The first sealing portion 21 and the second sealing portion 22 form an internal space V between adjacent electrodes and seal the internal space V. More specifically, the second sealing portion 22, together with the first sealing portion 21, is between the bipolar electrodes 14 adjacent to each other along the stacking direction D, and the negative electrode termination electrodes 18 adjacent to each other along the stacking direction D. And the bipolar electrode 14, and between the positive electrode terminal 19 and the bipolar electrode 14 adjacent to each other along the stacking direction D are sealed. As a result, an airtightly partitioned internal space V is formed between the adjacent bipolar electrodes 14, the negative electrode terminating electrode 18 and the bipolar electrode 14, and the positive electrode terminating electrode 19 and the bipolar electrode 14. ing. The internal space V contains an electrolytic solution (not shown) containing an alkaline solution such as an aqueous potassium hydroxide solution. The electrolytic solution is impregnated in the separator 13, the positive electrode 16, and the negative electrode 17.

As shown in FIG. 3, the sealing body 12 of the power storage module 4 has a side surface 12a extending along the stacking direction D. The side surface 12a is provided with an injection port 50 for injecting the electrolytic solution into the internal space V. The injection port 50 is sealed with a sealing material or the like after the electrolytic solution is injected. The position of the inlet 50 may be at the center of the side surface 12a or at a position deviated from the center.

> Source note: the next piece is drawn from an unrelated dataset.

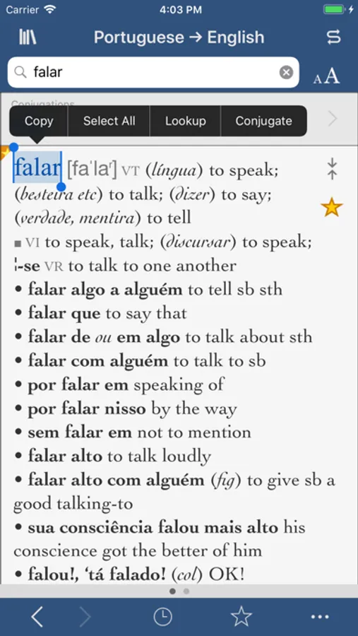 Carry a dependable Portuguese and English reference everywhere you go with the Collins Pro Portuguese-English Translation Dictionary. This app contains dictionary data from HarperCollins in our popular Ultralingua interface. Use our verb conjugation tool to find complete conjugations of thousands of verbs in all standard forms, and the number translator to convert numerals into Portuguese or English text instantly.

As shown in FIG. 4, the injection port 50 is composed of a first opening 50a provided in the first sealing portion 21 and a second opening 50b provided in the second sealing portion 22. A plurality of first openings 50a are provided in the first sealing portion 21 so as to communicate with each of the internal spaces V (see FIG. 2). The second opening 50b is provided alone in the second sealing portion 22 so as to communicate with the plurality of first openings 50a. In the present embodiment, the shape of the first opening 50a is circular, and the shape of the second opening 50b is rectangular.

Subsequently, the manufacturing method of the power storage module 4 described above will be described.

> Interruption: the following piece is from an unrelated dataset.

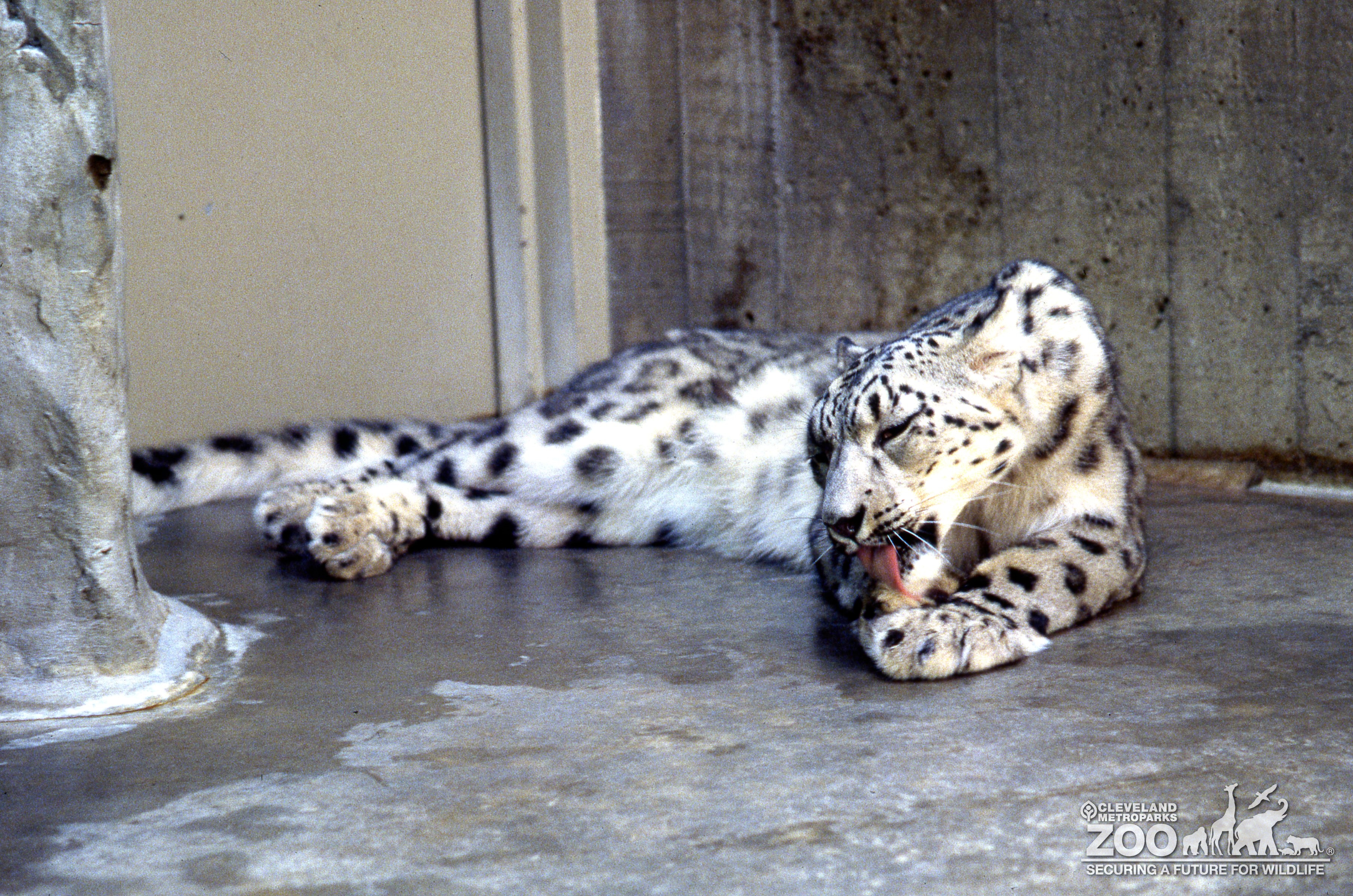 Snow leopard cleaning its paw. Indoor exhibit and Primate, Cat & Aquatic Building. Concrete floors and walls.

FIG. 5 is a flowchart showing an example of the manufacturing process of the power storage module. As shown in FIG. 5, the manufacturing process of the power storage module 4 includes a laminating process (S01), a sealed body forming process (S02), an inspection process (S03), an injection process (S04), and an assembly process (S04). S05) and is included.

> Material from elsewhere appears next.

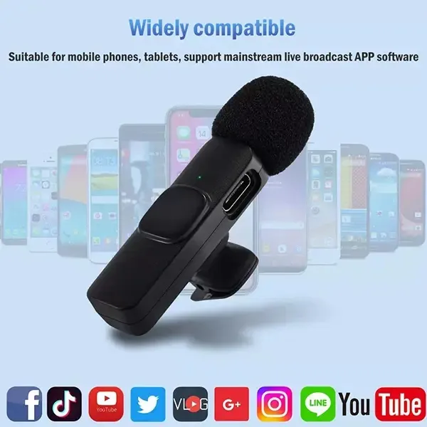 K8 Single Mic Wireless Clip Microphone USB C and Lightning Ports

In the laminating step S01, the bipolar electrodes 14 are laminated via the separator 13 to obtain a laminated body. Further, the electrode laminated body 11 is obtained by further laminating the negative electrode terminal electrode 18 and the positive electrode terminal electrode 19 on the laminated end of the laminated body of the bipolar electrode 14. In laminating, a rectangular frame-shaped first sealing portion 21 may be bonded to the edge portion 15c of each of the electrode plates 15 of the bipolar electrode 14, the negative electrode termination electrode 18, and the positive electrode termination electrode 19 by welding or the like. Suitable.

In the sealing body forming step S02, for example, a second sealing portion 22 is formed on the electrode laminated body 11 by injection molding to form the sealing body 12. Specifically, the electrode laminate 11 obtained in the laminating step is placed in the mold, and the resin material of the second sealing portion 22 having fluidity is poured into the mold to form the electrode laminate 11. A second sealing portion 22 is formed on the side surface. The first sealing portions 21 of the electrode laminate 11 are bonded to each other by the second sealing portion 22, and the sealing body 12 is obtained.

In the inspection step S03, it is inspected whether the sealing property (that is, airtightness and liquidtightness) is ensured in each internal space V by the sealing body 12 formed in the sealing body forming step S02. In the inspection step S03, the sealing property of the internal space V is improved by changing the internal pressure of the internal space V through the injection port 50 provided on the side surface 12a of the sealing body 12 by using the inspection device 60 described later. The inspection is done. The specific method of the inspection step S03 will be described later.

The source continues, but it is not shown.